Amerigo Wang - April 4, 2013, 10:16 a.m.
From: Cong Wang <amwang@redhat.com>

Change from RFC:
* make the sysctl per netns

According to previous discussion, it seems there is no
reasonable heuristics.

Similar to TCP_QUICK_ACK option, but for people who can't
modify the source code and still wants to control
TCP delayed ACK behavior.

David, do you still have any objection?

Cc: Eric Dumazet <eric.dumazet@gmail.com>
Cc: Rick Jones <rick.jones2@hp.com>
Cc: Stephen Hemminger <shemminger@vyatta.com>
Cc: "David S. Miller" <davem@davemloft.net>
Cc: Thomas Graf <tgraf@suug.ch>
CC: David Laight <David.Laight@ACULAB.COM>
Signed-off-by: Cong Wang <amwang@redhat.com>

---
--
To unsubscribe from this list: send the line "unsubscribe netdev" in
the body of a message to majordomo@vger.kernel.org
More majordomo info at  http://vger.kernel.org/majordomo-info.html
Hannes Frederic Sowa - April 4, 2013, 10:48 p.m.
On Thu, Apr 04, 2013 at 06:16:00PM +0800, Cong Wang wrote:
> From: Cong Wang <amwang@redhat.com>
> 
> Change from RFC:
> * make the sysctl per netns
> 
> According to previous discussion, it seems there is no
> reasonable heuristics.
> 
> Similar to TCP_QUICK_ACK option, but for people who can't
> modify the source code and still wants to control
> TCP delayed ACK behavior.
> 
> David, do you still have any objection?

I totally understand the objections that were given regarding this
patch. But for defense of this patch we also provide a knob to disable
slow start after idle, which from my point of view is as "evil" as
this change.

Btw I think we should make tcp_slow_start_after_idle namespace aware, too.

--
To unsubscribe from this list: send the line "unsubscribe netdev" in
the body of a message to majordomo@vger.kernel.org
More majordomo info at  http://vger.kernel.org/majordomo-info.html
David Miller - April 4, 2013, 11:25 p.m.
From: Hannes Frederic Sowa <hannes@stressinduktion.org>
Date: Fri, 5 Apr 2013 00:48:10 +0200

> I totally understand the objections that were given regarding this
> patch.
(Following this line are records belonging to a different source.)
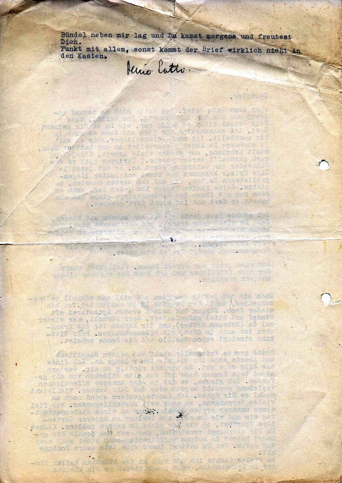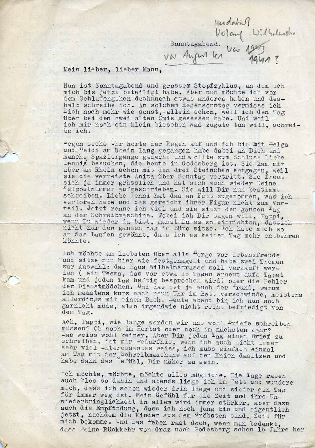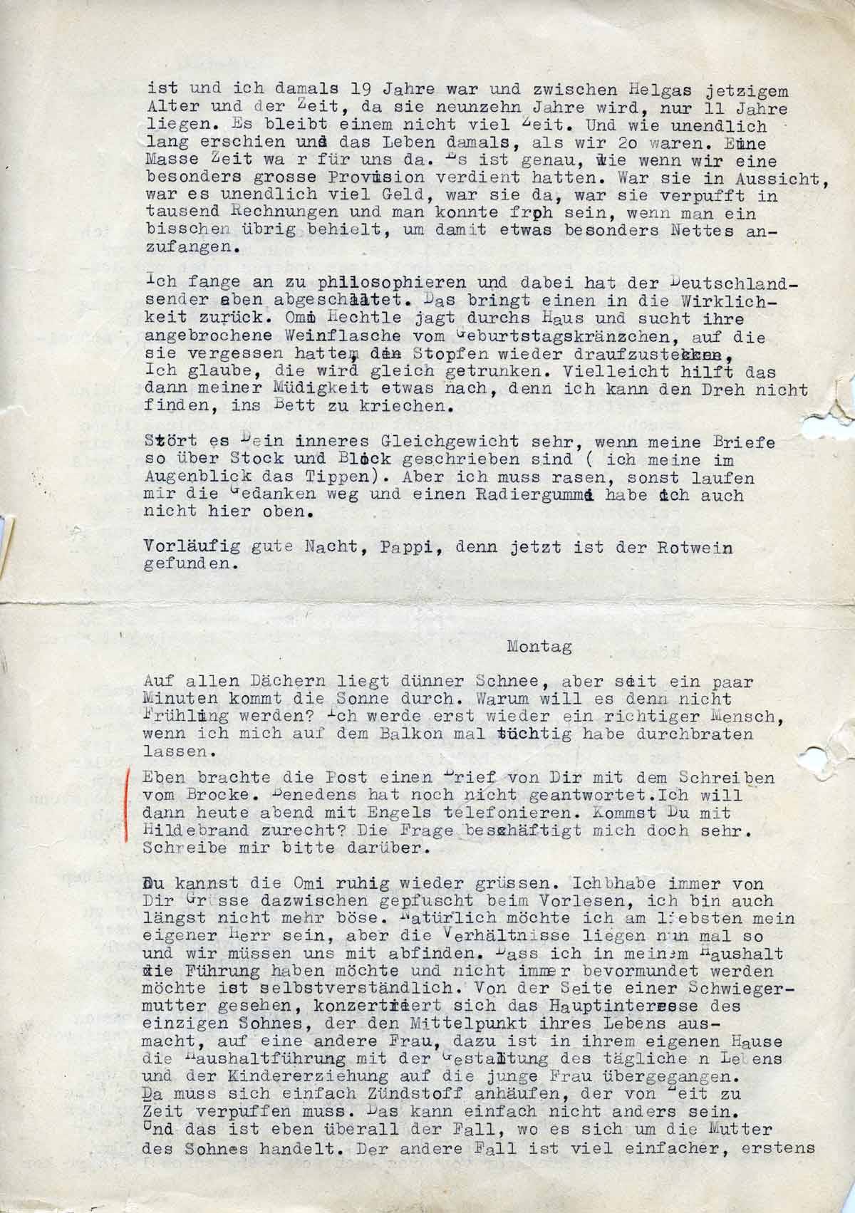 Und das ist auch der Grund, warum ich meistens kurz nach neun im Bett verschwinde mit einem Buch. Ach, Pappi, wie lange werden wir uns wohl noch Briefe schreiben müssen? Ob noch im Herbst oder noch im nächsten Jahr? Aber Dir jeden Tag einen Brief zu schreiben, ist mir Bedürfnis, wenn ich auch nicht immer sehr viel Interessantes weiß, ich muss einmal an Tag mit der Schreibmaschine auf den Knien dasitzen und habe dann das Gefühl, Dir näher zu sein.
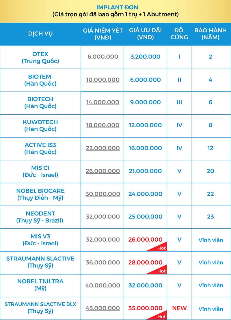 Trồng răng Implant giá bao nhiêu tuỳ thuộc vào phương án mà bác sĩ trao đổi với Quý khách sau khi thăm khám. Quý khách có thể tham khảo giá của từng trụ Implant đơn lẻ qua bảng bên dưới. Nếu cần tư vấn thêm để hiểu rõ về các dòng trụ này, Quý khách hãy liên hệ với chúng tôi qua Hotline: 0329851079 (Có sử dụng Zalo/Viber) hoặc nhập thông tin vào khung tư vấn bên dưới.
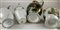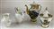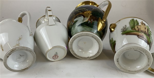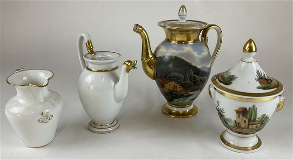 Manifatture diverse, secolo XIX. Lotto composto da due diverse teiere con coperchio in porcellana, una zuccheriera con coperchio e una lattiera, decori a paesaggi policromi e profili in oro, lattiera di epoca successiva con marchio Sèvres (difetti)
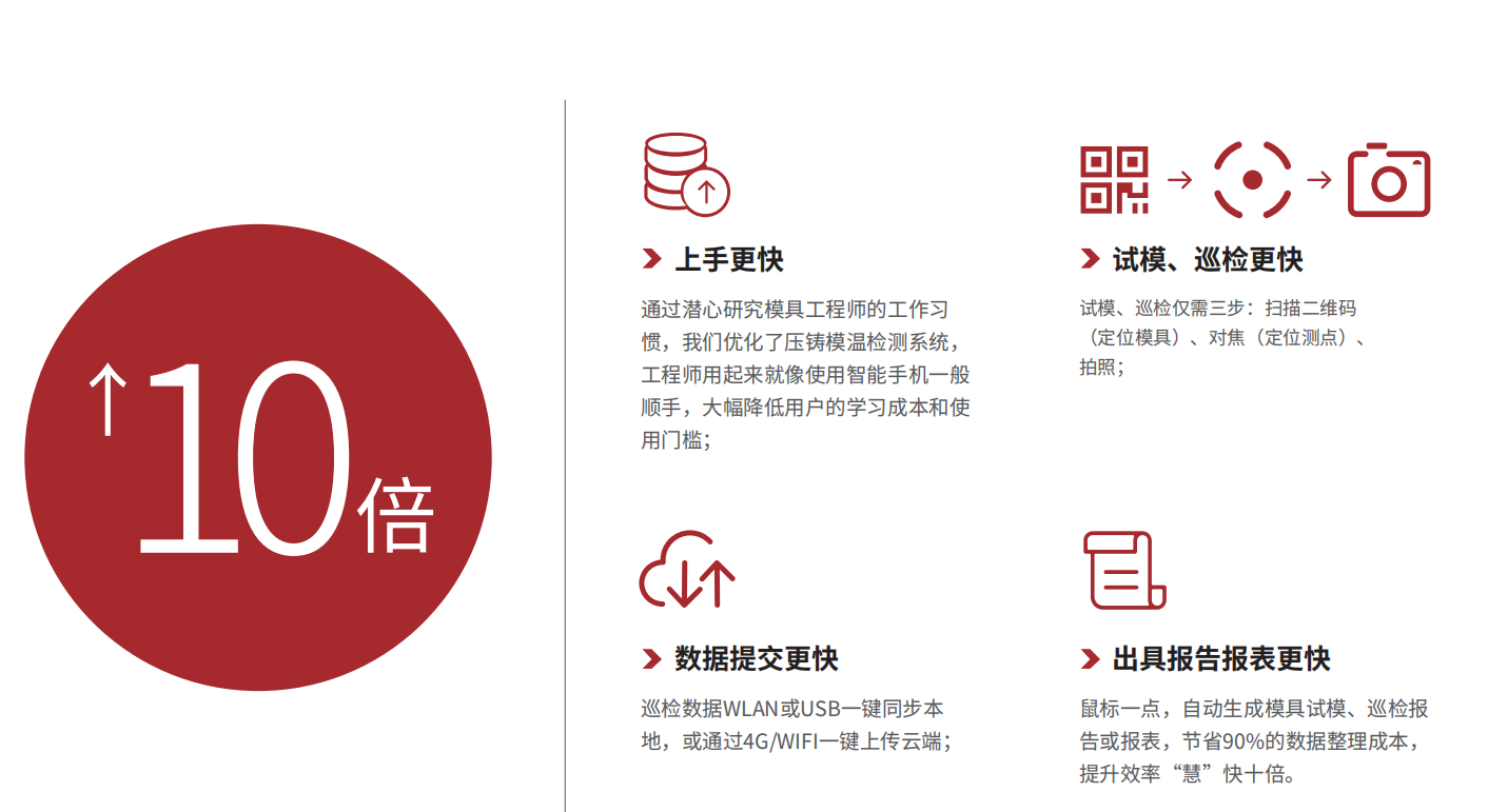 ? ? 基于模溫檢測(cè)概念,我們將壓鑄數(shù)據(jù)管理系統(tǒng)集成于模溫儀,通過云端將試模、巡檢數(shù)據(jù)與所有參與人員互聯(lián),試模、巡檢數(shù)據(jù)不再是原始的“數(shù)字”或“字符”,而是通過算法變?yōu)榫哂羞壿嫷臄?shù)據(jù),構(gòu)成有價(jià)值的信息,助力您打造工業(yè)4.0的智能壓鑄工廠。
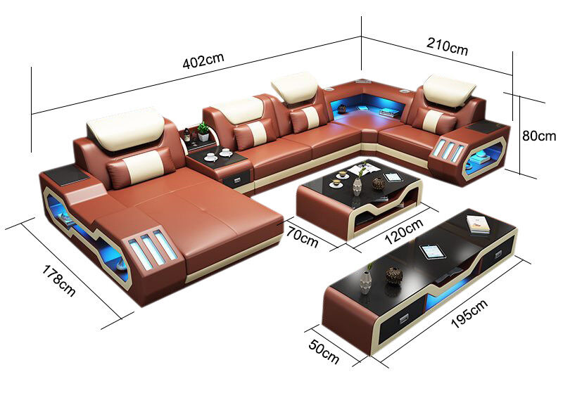 Entdecken Sie den Komfort und die Eleganz der Leder Wohnlandschaft Eckcouch Designer Sofa Ledersofa Couch mit USB-Anschluss und Sound Boxen. Hergestellt aus Premium Lederfaserstoff (70% Leder / 30% Polyester) bietet diese Eckcouch nicht nur eine luxuriöse Optik, sondern auch ein innovatives Design. Dank der USB Ladestation und dem eingebauten Sound System können Sie Ihr Handy bequem aufladen und Ihre Lieblingsmusik ganz einfach über die integrierten Boxen abspielen. Wählen Sie aus einer Vielzahl von Farben, darunter Zyan, Amethyst, Flieder, Rubinrot, Schwarz und vielen mehr. Diese Eckcouch ist in verschiedenen Größen erhältlich, um sich Ihren Bedürfnissen anzupassen. Optional können Sie zwischen verschiedenen Materialien wählen, darunter Premium Echtleder oder Premium Textilstoff gegen einen kleinen Aufpreis. Ergänzen Sie Ihr Wohnzimmer mit dem optionalen Couchtisch oder dem RTV Fernsetisch aus echtem Holz und genießen Sie den Komfort des Federkerns, der für eine bequeme Sitzgelegenheit sorgt. Erleben Sie pure Entspannung und modernes Design mit der Leder Wohnlandschaft Eckcouch Designer Sofa Ledersofa Couch - USB - SOUND BOXEN!
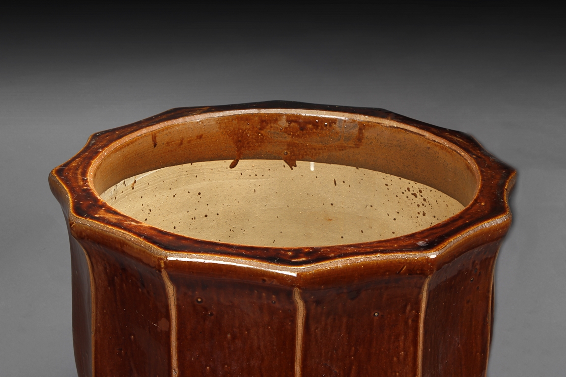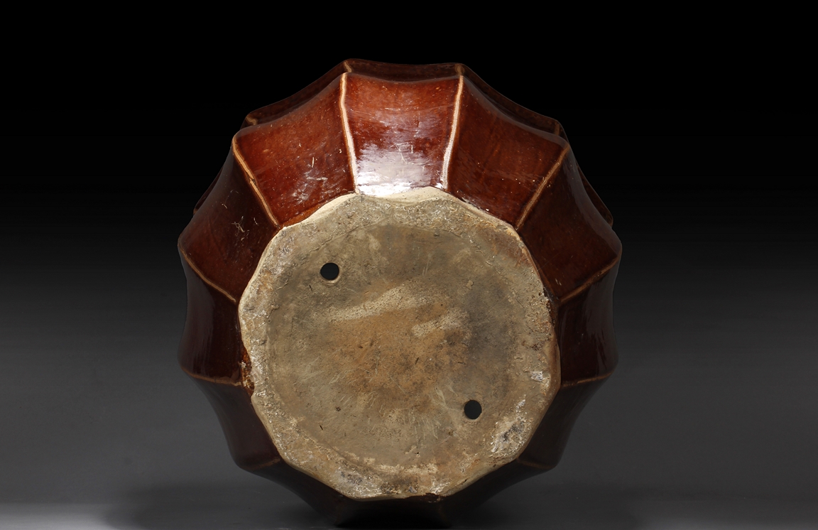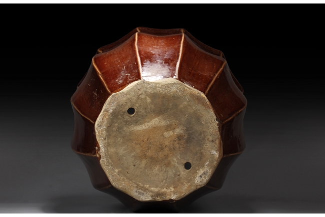 Of tapering floriform, the sides have 12 lobes divided equally, with slightly flaring lip. The bottom is unglazed with two holes. Covered overall in brown glaze.
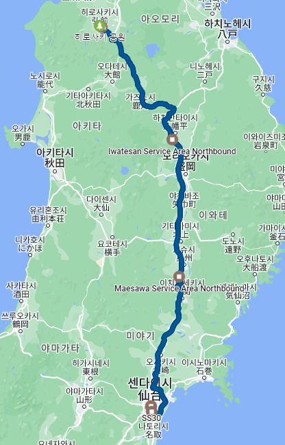 오늘 목적지인 히로사키(아오모리) 쪽에 눈이 엄청와서 국도 대부분이 통제상태입니다
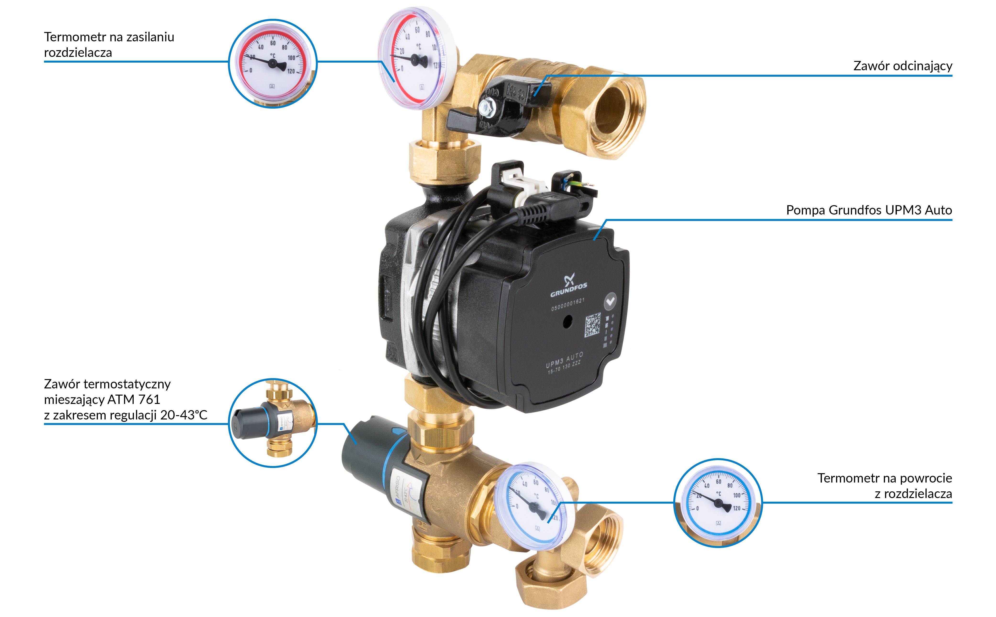 Termometry na zasilaniu i powrocie z rodzielacza kontrolują temperaturę medium.
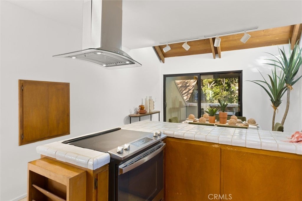 • Interior FeaturesBreakfast Bar, Balcony, Cathedral Ceiling(s), Separate/Formal Dining Room, High Ceilings, All Bedrooms Down, Main Level Primary, Primary Suite, Walk-In Closet(s), Beamed Ceilings, Ceramic Counters, Dumbwaiter, Track Lighting, Wood Product Walls
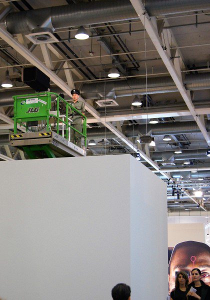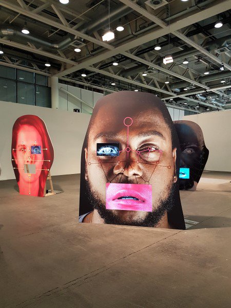Im ersten Moment etwas bedrochlich, zugleich aber sehr faszinierend: die Installation "N^u" von Tony Oursler (Galerie Hans Mayer). Die Augen oder der Mund sind bewegte Bilder und so verändert sich der Gesichtsausdruck ständig. Die Performance "Canon" (Galerie Gisela Capitain) verbreitete Vogelgezwitscher über das Long Range Acoustic Device (LRAD), das zur Auflösung von Demonstartionen benutzt wird und bei maximaler Lautstärke zur Hörschäden führen kann und auch auf Grundstücken verwendet wird, um sie Vogelfrei zu halten. Der junge Künstler Samson Young aus Hong Kong war als Polizist verkleidet - etwas surreal aber gut. Er hat gerade auch als erster den BMW Art Journey Preis gewonnen.
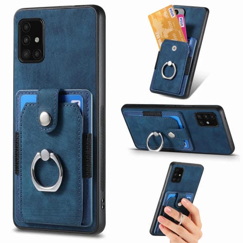 Funda para Teléfono Samsung Galaxy A51 con Billetera y Tarjeta con Anillo y Sensación de Piel Retro (Azul)
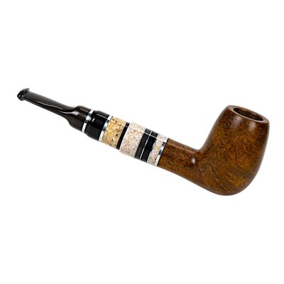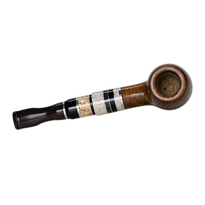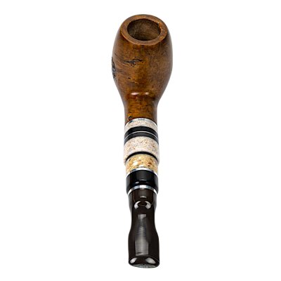 Особливу увагу привертає декоративна частина мундштука, виконана з акрилу та штучного каменю з контрастними вставками. Така композиція додає люльці характеру та стилю, поєднуючи традиційну майстерність із сучасними матеріалами. Завдяки продуманій конструкції люлька розрахована на стандартний фільтр 8 мм, що забезпечує комфортне та м’яке куріння.
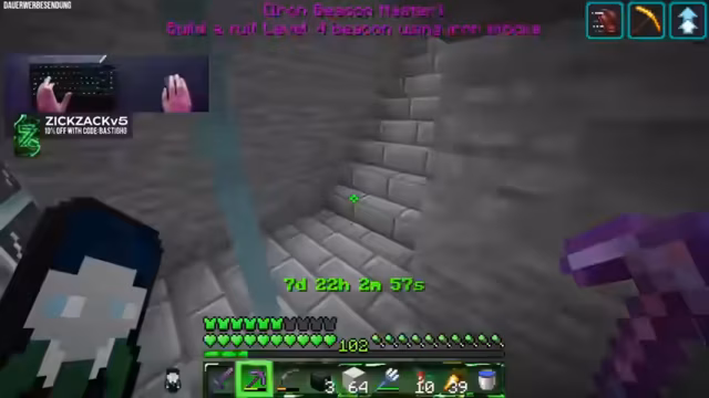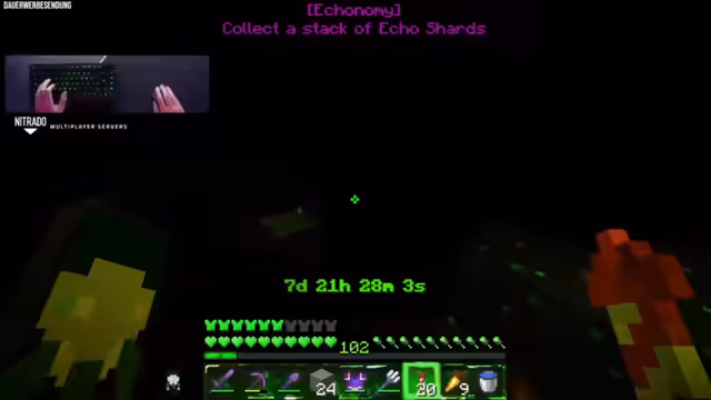 00:47:20Der Stream erlebt einen Glücksfall: In der gefundenen Ancient City finden sich ungewöhnlich viele Echo Charts, sogar bis zu acht in einer einzelnen Truhe. Innerhalb kurzer Zeit schafft es der Streamer, den benötigten Stack von 64 Items zu vervollständigen. Dieser Erfolg beschleunigt das Projekt erheblich und führt zum nächsten Achievement: den Bau eines Full Beacons aus Eisenblöcken.
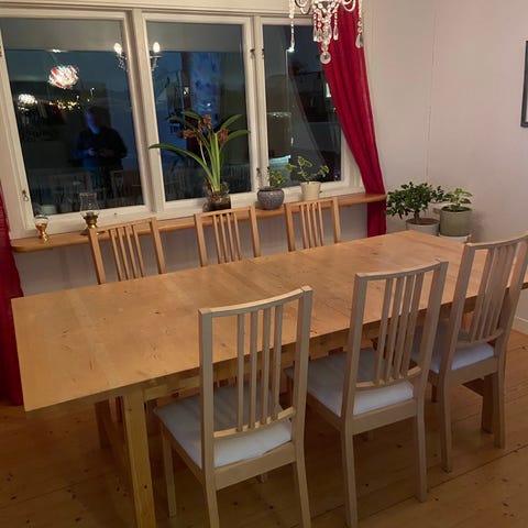 Träbord i massivt trä med robust konstruktion och naturlig träfinish. Bordet har en rektangulär bordsskiva och kraftiga ben med korsformad stödstruktur. Passar för matplats eller arbetsyta. Längd 1,9 m , B 1,05 m , tjocklek skiva 5 cm , helt spik och skruvfri . Bra skick.
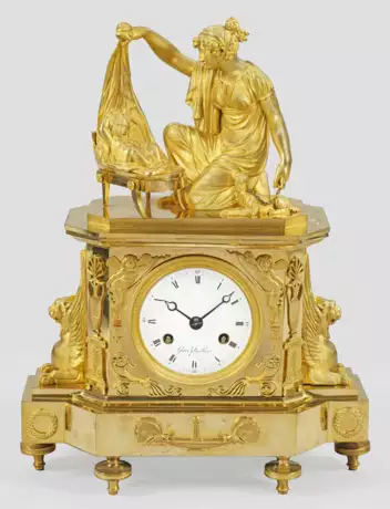 Bronze, fein ziseliert und feuervergoldet. Über gekantetem, gestuft ansteigendem Sockel mit applizierten Schmetterlingen auf Balusterfüßen, hoher Korpus flankiert von schräggestellten Ecklisenen sowie seitlich plastisch gestalteten Chimären. In der Front profilgerahmtes Emailzifferblatt, bez. Gaston Jolly à Paris, umgeben von geflügelten Genien. Skulpturale Bekrönung einer jungen Mutter ein Kind zu Bett bringend. An ihrer Seite kleiner Hund als Sinnbild für die mütterliche Treue. Pendulenwerk mit Fadenaufhängung sowie Halbstundenschlag auf Glocke. H. 41 cm. 31 cm x 14 cm.
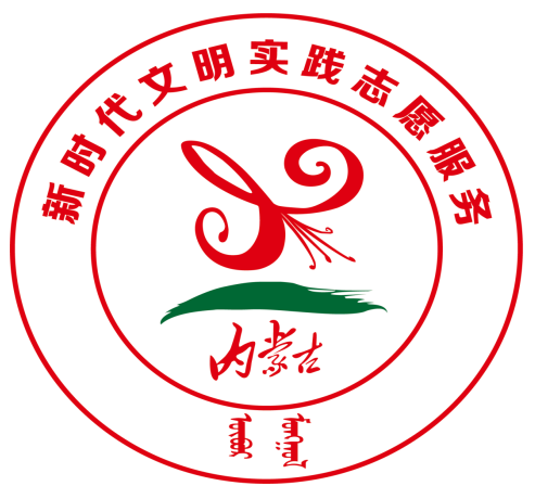标识上方文字“新时代文明实践志愿服务”及下文“内蒙古”汉蒙文字样,辨识度高,指向性强,具有鲜明的内蒙古特色。
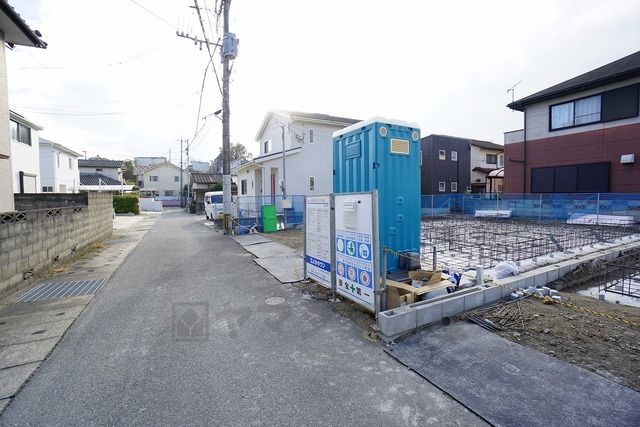 前面道路は公道北側約7.7m、東側約4.1m、私道南側約3.5m。 車通りも少なく、安全性も確保しています^^
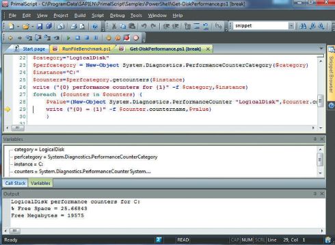 Функции, предлагаемые редактором PrimalScript для отладки сценариев PowerShell, не выходили за рамки базовых возможностей, но оказались вполне достаточными. К сожалению, щелчок мышью на полях не привел к ожидаемому результату в виде создания точки прерывания. Вместо этого мне пришлось переключаться между точками прерывания с помощью клавиши F9. Исполнение сценариев в режиме отладки работает без ошибок, проблем с подписями или другими параметрами не возникает. Функция Set Arguments позволяет задать значения аргументов командной строки для отлаживаемого сценария. Отладчик позволяет осуществлять пошаговое выполнение, при этом значения переменных сценария отображаются в окне Variables. Возможности изменения значений переменных и просмотра значения переменной путем наведения на нее курсора мыши отсутствуют.

But for defense of this patch we also provide a knob to disable
> slow start after idle, which from my point of view is as "evil" as
> this change.

I completely disagree, slow start after idle is way too aggressively
throwing past history away, so turning that off is much safer.
--
To unsubscribe from this list: send the line "unsubscribe netdev" in
the body of a message to majordomo@vger.kernel.org
More majordomo info at  http://vger.kernel.org/majordomo-info.html
Ben Greear - April 4, 2013, 11:39 p.m.
On 04/04/2013 04:25 PM, David Miller wrote:
> From: Hannes Frederic Sowa <hannes@stressinduktion.org>
> Date: Fri, 5 Apr 2013 00:48:10 +0200
>
>> I totally understand the objections that were given regarding this
>> patch. But for defense of this patch we also provide a knob to disable
>> slow start after idle, which from my point of view is as "evil" as
>> this change.
>
> I completely disagree, slow start after idle is way too aggressively
> throwing past history away, so turning that off is much safer.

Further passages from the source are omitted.